■ Data listing
+--

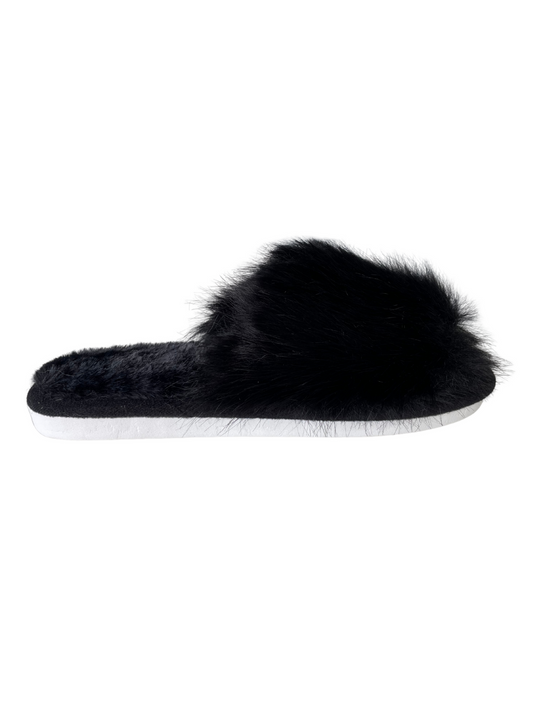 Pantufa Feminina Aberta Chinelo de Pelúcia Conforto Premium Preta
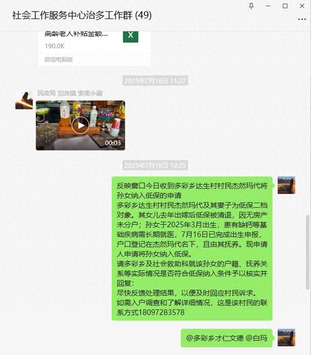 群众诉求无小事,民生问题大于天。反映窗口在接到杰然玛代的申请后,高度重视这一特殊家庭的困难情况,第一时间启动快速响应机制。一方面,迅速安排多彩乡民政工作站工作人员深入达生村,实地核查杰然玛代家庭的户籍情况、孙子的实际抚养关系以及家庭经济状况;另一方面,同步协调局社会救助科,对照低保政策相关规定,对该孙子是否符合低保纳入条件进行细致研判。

+--

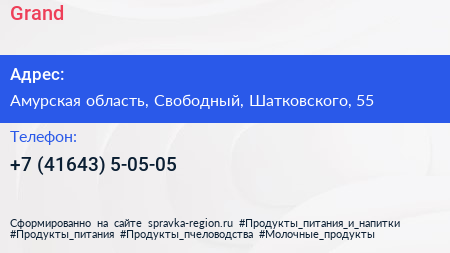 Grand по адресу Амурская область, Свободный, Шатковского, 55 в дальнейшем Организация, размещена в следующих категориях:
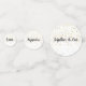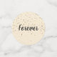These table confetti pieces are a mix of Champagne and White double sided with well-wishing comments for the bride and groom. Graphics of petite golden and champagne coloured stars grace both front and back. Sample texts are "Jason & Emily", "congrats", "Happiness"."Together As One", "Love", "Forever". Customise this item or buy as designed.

+--

■ Task description
In the listing above, find the line containing "Grand по адресу" and the line containing "These table confetti"; print those lines and every line between them exactly, leaving out pictures.

■ Reply
 Grand по адресу Амурская область, Свободный, Шатковского, 55 в дальнейшем Организация, размещена в следующих категориях:
These table confetti pieces are a mix of Champagne and White double sided with well-wishing comments for the bride and groom. Graphics of petite golden and champagne coloured stars grace both front and back. Sample texts are "Jason & Emily", "congrats", "Happiness"."Together As One", "Love", "Forever". Customise this item or buy as designed.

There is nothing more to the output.